Short squeezes like this highlight the high-stakes drama of speculative trading, where sentiment can overpower fundamentals, at least temporarily.

AI Gold Rush Pushes Broadcom Over $1 Trillion Mark

Broadcom is on fire. The chipmaker’s shares soared nearly 20% on Friday, propelling its market cap past the coveted $1 trillion mark for the first time, thanks to booming AI revenues. 🚀 Broadcom joins elite company, standing alongside trillion-dollar giants like Apple, Nvidia, Microsoft, Amazon, Alphabet, Meta, and Tesla.

The rally came after the company reported stronger-than-expected profits and a 220% spike in AI-related sales. 👀 Broadcom’s AI chips, particularly its XPUs and Ethernet networking solutions, are thriving as demand for AI infrastructure surges — a silver lining as overall chip demand outside of AI slows.

Broadcom is now the third-best-performing stock in the VanEck Semiconductor ETF this year, trailing only Nvidia and Marvell Technology. With AI continuing to drive chip innovation, Broadcom’s massive quarter suggests it’s staking its claim in the industry’s most lucrative growth area.

AI Fuels Unprecedented Demand for US Data Centers

The US is gearing up for a data center construction boom in 2025, with 4,750 facilities expected to be under construction, according to CBRE. 🏗️ 🚧 This marks an increase from the 2024 record of 4,250, and astonishingly, nearly matches the total number of existing data centers in the country.

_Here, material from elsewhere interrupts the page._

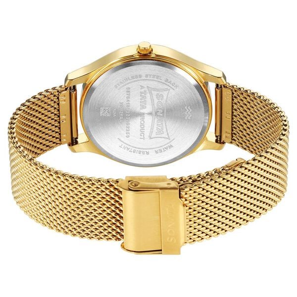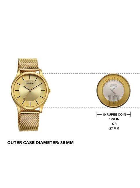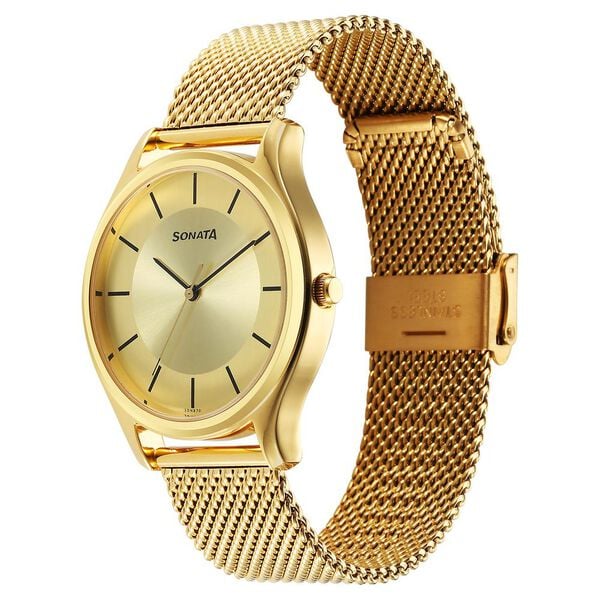 Impress everyone around you by donning this men's analog watch from Sonata. Encased in a 38 mm case, the gold round dial features plain 3-hand functionality and quartz movement on the watch. The stainless steel bracelet comes in a gold hue that further elevates the look of the watch. Besides, it is water resistant up to 30 m and is completed with a hook buckle to ensure a secure fit on the wrist.

Demand is sky-high, driven by tech companies’ appetite for AI infrastructure. Vacancy rates are at record lows, and much of the new construction is already leased before completion. However, building these facilities takes longer than ever as developers wait for power upgrades to meet massive energy demands.

The surge reflects how crucial data centers have become in powering the AI revolution and meeting growing digital infrastructure needs.

Fashionable Fail: Rent the Runway Stock Takes Another Hit

Rent the Runway had another rough outing on Wall Street. Despite reporting earnings in line with expectations on Monday, its stock dropped over 20%, now sitting more than 97% below its 2021 IPO price.📉📉📉 The company's revenue has been stagnant, hovering under $80 million per quarter since 2022, and it has never reported a profitable quarter in its 14-year history.

Meanwhile, Urban Outfitters’ subscription rival, Nuuly, seems to be outshining Rent the Runway. Launched in 2019, Nuuly has grown from $2 million in quarterly revenue to over $97 million, turning profitable in late 2023.

Rent the Runway has made some progress, trimming its net losses to $56.5 million this year, down from $113 million last year. But with stiff competition and ongoing operational challenges, the road to recovery looks anything but fashionable.